On Motivation and Choice

On Motivation and Choice

If you haven’t come across Taylor Mali’s words yet you are missing out. In 2007 he performed spoken word poetry that went viral on YouTube. In it he criticizes his generation for speaking in question marks and failing to commit to anything. He ends by saying “it is not enough these days to simply question authority, you have to speak with it to.”

What has changed since then? For any of us that have children or work with young people it may seem they are as disengaged as ever. They stare at their screens, still speak in riddles and grunts and spend their time using social media we don’t always seem to understand. But just because it is not always apparent how they connect it does not mean they are not doing it.
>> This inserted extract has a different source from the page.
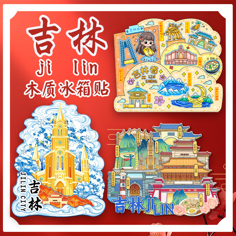 Jilin Wusong Church Wooden Refrigerator Magnet Beishan Park Jingyue Goddess Statue Tourism Cultural and Creative National Trend Souvenir

Some of our young people have mobilized and fought for change in the last few years. Technology has made it easier to get behind a cause, organize, spread information (and misinformation) and join a movement. The best example of a teen-led movement has been March for Our Lives, founded after the tragic shooting in Parkland, Marjory Stoneman Douglas High School to address gun violence. According to their website:

Millions came together for the largest global protest in history to remind the world that young people have the power to drive real change. Every day since March 24th, 2018, we have been expanding our coalitions and working with new advocates in order to create a movement that ends the violence and elects morally just leaders into office. We will not stop our advocacy until we see the change we demand.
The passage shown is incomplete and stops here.